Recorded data
----------------------------------------

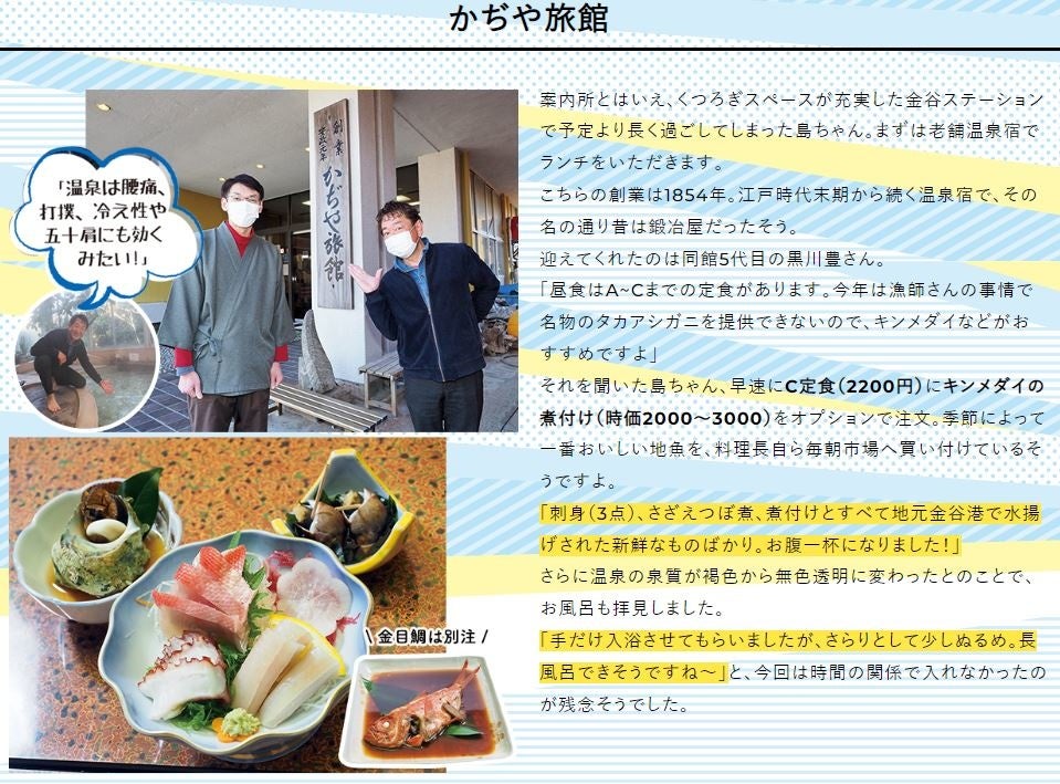 案内所とはいえ、くつろぎスペースが充実した金谷ステーションで予定より長く過ごしてしまった島ちゃん。まずは老舗温泉宿でランチをいただきます。
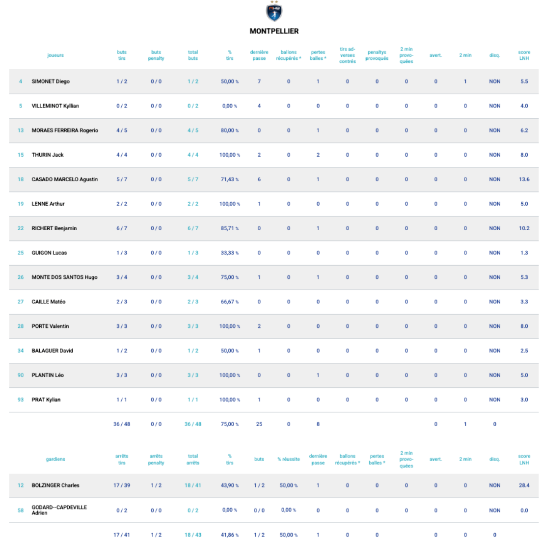 Très bon au match aller comme au retour, Burzak écope d'un carton rouge pour une charge au visage de Casado (40e). Érick Mathé s'essaie au jeu à double pivot avec Lenne et Moraes. Montpellier déroule jusqu'au bout.
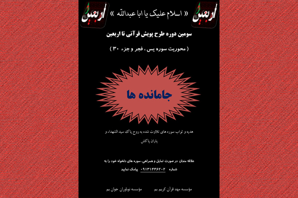 عارفی تصریح کرد: در این برنامه به مدت 10 روز تا اربعین سوره هایی مانند یس، فجر و جزء ۳۰ قرآن کریم مورد نظر است که توسط علاقه مندان قرائت می گردد.
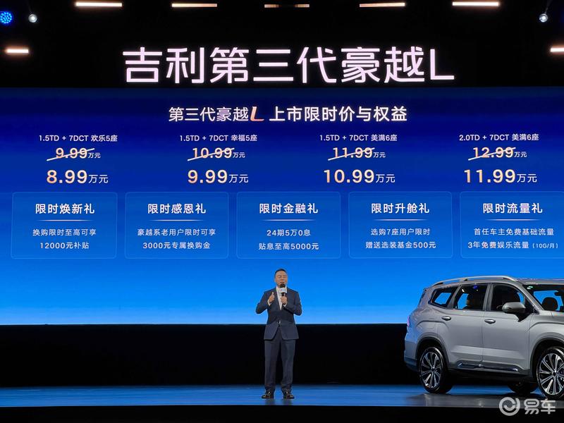 易车讯 11月27日,吉利第三代正式上市,包含四款车型,官方指导价区间9.99-12.99万元,限时权益价区间8.99-11.99万元。新车采用最新的家族设计语言,并在配置和空间上进行了全面升级革新。动力方面在保留2.0T发动机的基础上新增1.5T版本。
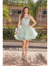 Get ready for everyone to stop and stare when you show up in this Dancing Queen 3273 masterpiece. The fitted bodice is lavishly crafted with beautiful lace embroidery and flaunts a flattering V-neckline. It also displays a sweetheart lining, wide shoulder straps and an illusion mid-open scoop back. The tulle skirt flares a mid-thigh A-line silhouette with multiple ruffle tiers edged with horsehair hem. This Dancing Queen dress is awesome for prom or for any special night event! Models are wearing the Champagne, and Sage colors.
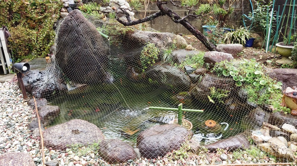 灰色のホースが見え見えですが、そのうちに藻が繁茂してまわりになじむのではと・・・。。
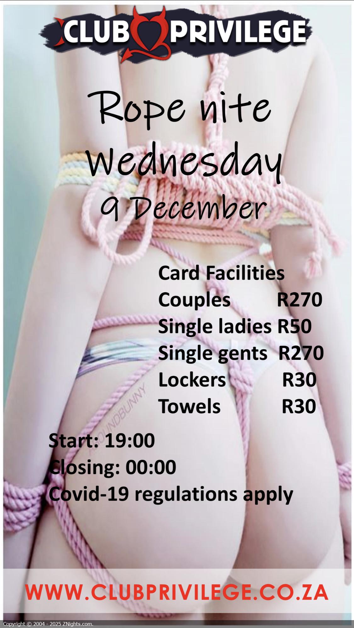 Wednesday is our Fantasy night. We will be having a Rope night!
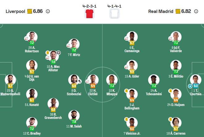 據(jù)德轉(zhuǎn)統(tǒng)計(jì),皇馬全隊(duì)身價(jià)14億歐,利物浦全隊(duì)身價(jià)11.5億歐,這是一場價(jià)值25.5億歐的重磅對(duì)決。
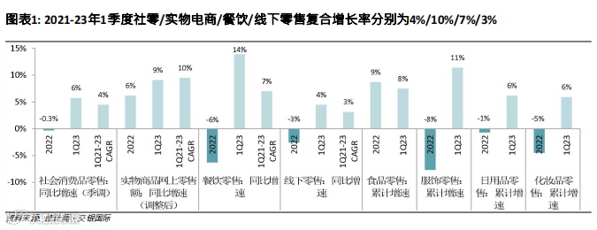 根据统计局披露社零数据, 2023年1季度线上消费及线下餐饮消费明显恢复,线下零售增长相对较慢。我们按2年复合增长率来看,线上消费增长趋势仍好于线下。分品类来看,服饰消费同比恢复11%增长,日用品/化妆品也已恢复正增长,但相比于餐饮消费,恢复仍需时间。1季度餐饮行业虽受春节假期等影响其增速,但恢复速度已快于其他消费,我们认为2季度餐饮消费增长将继续加速,2年复合增长率应好于1季度。
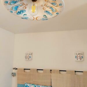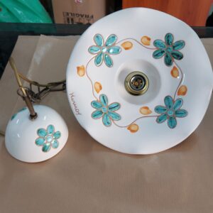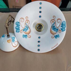 Lampadario in ceramica decorato a mano, la decorazione riproduce la pavoncella stilizzata realizzata con l’anticatecnica del graffito su smalto bianco che mette in risalto le sfumature aranciate dell’argilla.
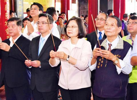 “The DPP has only one option, which is unity; one plus one is absolutely greater than two,” Tsai said after visiting temples in Yilan County’s Nanfangao Township (南方澳).
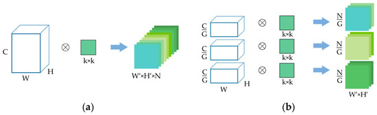 As shown in Figure 2a, the size of input data is , representing the number of channels, width, and height of the feature map, respectively. The size of the convolution kernel is , and the number of the kernels is . At this point, the size of the output feature map is . The parameter number of N convolution kernels is:
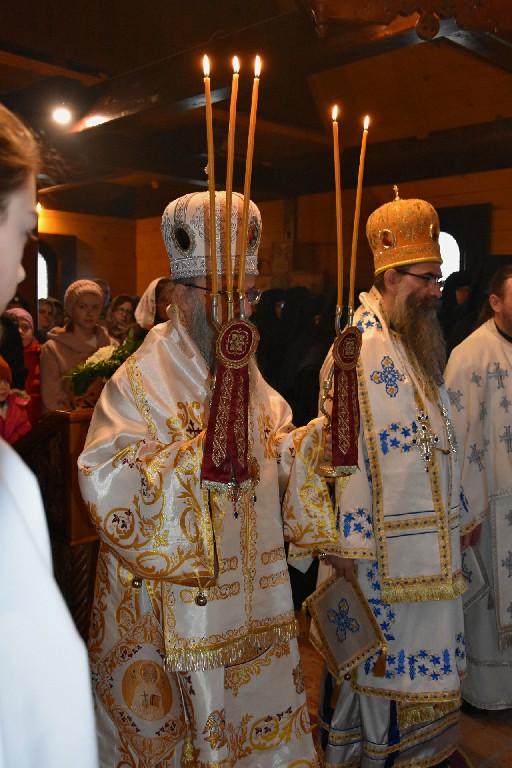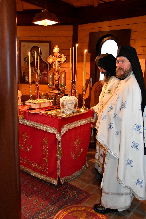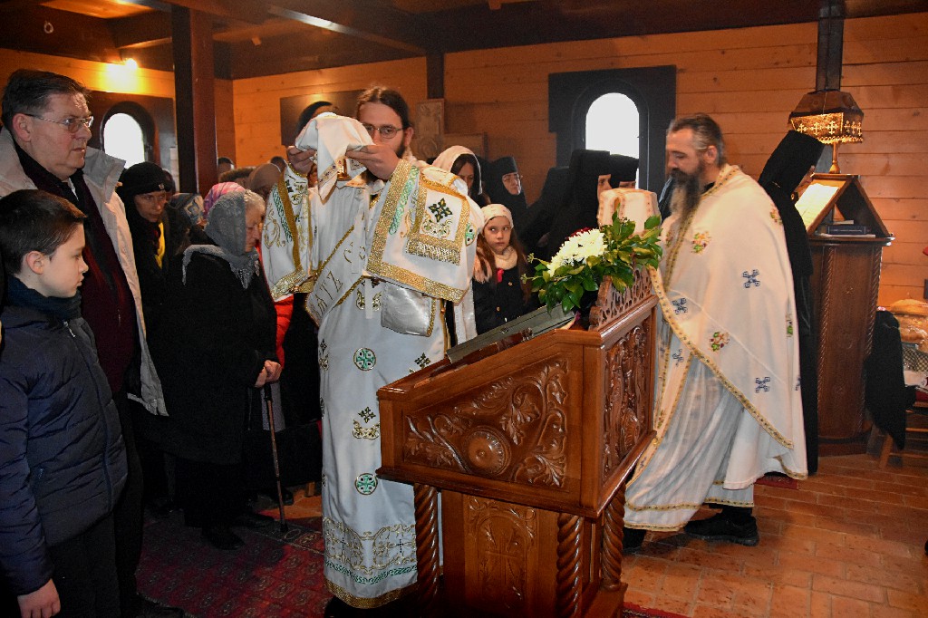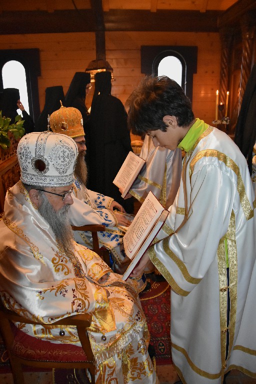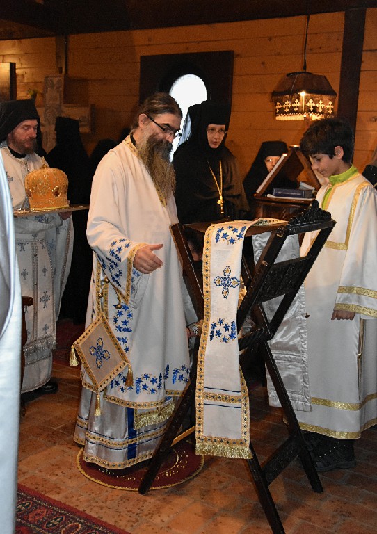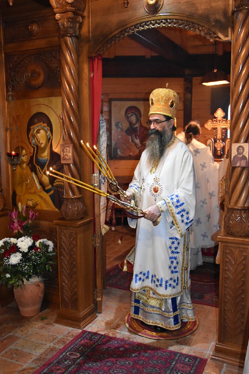 „Величина једног светитеља мери се по броју душа које он приводи Богу. А он је безбројне људске душе од греха одвојио и Господу принео као највећу жртву. Ето, данас када њега прослављамо, угледајмо се на његове врлине јер због тога су светитељски празници и установљени, да прослављајући светитеље Христове, подражавамо их у њиховом животу. Јер ако то не чинимо браћо и сестре, него грешно живимо, и само трбухом својим светитеље Божије прослављамо, онда нам они буду тужитељи пред Богом. Због тога се потрудимо да и ми своју веру чувамо, бранимо, као што је он бранио. Сетимо се оног примера на Првом Васељенском Сабору, где је он био учесник, када је у ревности својој за праву веру ошамарио Арија. Због тога му је чин био одузет и епископски знаци, али Господ и Мајка Божија су се јавили у виђењу неким старијим Епископима и објаснили им да је то ревност за истину Божију и правду Божију, а не неразумни гнев, како су они мислили. И још ревнујмо у правдољубљу. Будимо правдољубиви, делима својим и животом својим проповедајмо правду Божију и правду међу људима. Будимо и милосрдни знајући да дела милосрђа очишћују многе грехе наше. Свако дело милосрђа, чисти душу од грехова. А ми монаси који не можемо чинити материјална дела милосрђа, јер немамо ништа своје, чиме можемо ми Бога да умилостивимо? Приносом духовне милостиње, драга браћо и сестре, монаси, јер претрпети слабост брата или сестре, ружну реч и свако искушење у манастиру са смирењем и трпљењем и љубави према Богу, према брату и сестри ̶ то је духовна милостиња, много већа од оне телесне милостиње. Имајмо то на уму. Колико је душа претежнија од тела, толико је трпљење и смирено подношење искушења веће од материјалне милостиње. Дакле, ми монаси имамо итекако пример, итекако начин да Богу духовну милостињу приносимо и да будемо слични Светом оцу нашем Николају“, нагласио је Владика Наум.

----------------------------------------

- _TASK TO CARRY OUT_
Of the lines above, copy only those from the one holding "Très bon au" to the one holding "灰色のホースが見え見えですが", both included, and exclude every image.

- _THE COMPLETED TASK_
 Très bon au match aller comme au retour, Burzak écope d'un carton rouge pour une charge au visage de Casado (40e). Érick Mathé s'essaie au jeu à double pivot avec Lenne et Moraes. Montpellier déroule jusqu'au bout.
 عارفی تصریح کرد: در این برنامه به مدت 10 روز تا اربعین سوره هایی مانند یس، فجر و جزء ۳۰ قرآن کریم مورد نظر است که توسط علاقه مندان قرائت می گردد.
 易车讯 11月27日,吉利第三代正式上市,包含四款车型,官方指导价区间9.99-12.99万元,限时权益价区间8.99-11.99万元。新车采用最新的家族设计语言,并在配置和空间上进行了全面升级革新。动力方面在保留2.0T发动机的基础上新增1.5T版本。
 Get ready for everyone to stop and stare when you show up in this Dancing Queen 3273 masterpiece. The fitted bodice is lavishly crafted with beautiful lace embroidery and flaunts a flattering V-neckline. It also displays a sweetheart lining, wide shoulder straps and an illusion mid-open scoop back. The tulle skirt flares a mid-thigh A-line silhouette with multiple ruffle tiers edged with horsehair hem. This Dancing Queen dress is awesome for prom or for any special night event! Models are wearing the Champagne, and Sage colors.
 灰色のホースが見え見えですが、そのうちに藻が繁茂してまわりになじむのではと・・・。。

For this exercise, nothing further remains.